Can't decide whether to use the metal squad marking shoulder pads for the right hand shoulder though, or just use the transfer sheets.


----------



## spanner94ezekiel (Jan 6, 2011)

I think the transfer sheets would be easier and cheaper, but at the end of the day it's up to you. I would also advise only doing this level of detail for like HQs and stuff, and maybe just free-handing the normal infantry, otherwise it's a lot of time and money...

But it's your choice and if you decide to do it this way, then all the more kudos for you mate!


----------



## Words_of_Truth (Sep 20, 2007)

I already have a lot of skulls thanks to Viscount Vash, so it's only the metal shoulder pads I need and they ain't to expensive.
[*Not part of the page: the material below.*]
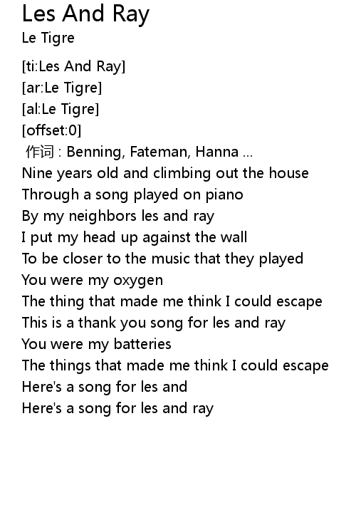 | [00:00.00] | 作词 : Benning, Fateman, Hanna ... |

I don't actually know what the common thing to do for the squad markings is, as I've never done them before. Do you know or have a link to something that explains them?


----------



## spanner94ezekiel (Jan 6, 2011)

Squad markings are simples. Each squad in the company has its own number. In the battle companies it goes:
1-6th are tactical
7-8th are assault
9-10th are devvies

It is marked with the appropriate number ontop of the double arrow troops sign. The number and company markings also appear on the backbanners of the sgts.


----------



## Words_of_Truth (Sep 20, 2007)

These the tactical squad markings?

or

These


----------



## spanner94ezekiel (Jan 6, 2011)

Yep. Then over the top, the squad numebr transfer goes slap bang in the middle. For this to work well, you may just want standard pads with transfers for the troops loo as well, as otherwise the number doesn't sit too well because of the embossments.


----------



## Words_of_Truth (Sep 20, 2007)

I edited the post before as I found another pair. Either way would it be best to use this transfer sheet?Do I have to put the number on top of the squad symbol or could I put it elsewhere like on the leg?


----------



## spanner94ezekiel (Jan 6, 2011)

That's the one! Yeh, I advise transfers for that shoulder pad (the other one, go ahead with the skull thingy  ). 
In regards to the number, it traditionally goes ontop of the troops logo, but it would be fine to put it anywhere you like as it's your army. The leg would be ok, but the company markings are on the knee, so it might be a bit crowded. 
Maybe consider putting the company markings on the shoulder pad instead, like behind the transfer, instead.


----------



## Words_of_Truth (Sep 20, 2007)

lol So complicated. Do you mean something like this?


----------



## OrdoMalleus (Apr 24, 2009)

Yea spot on. I prefer not to stick squad markings on squads so that I can mix and match models to create/bolster/change units. 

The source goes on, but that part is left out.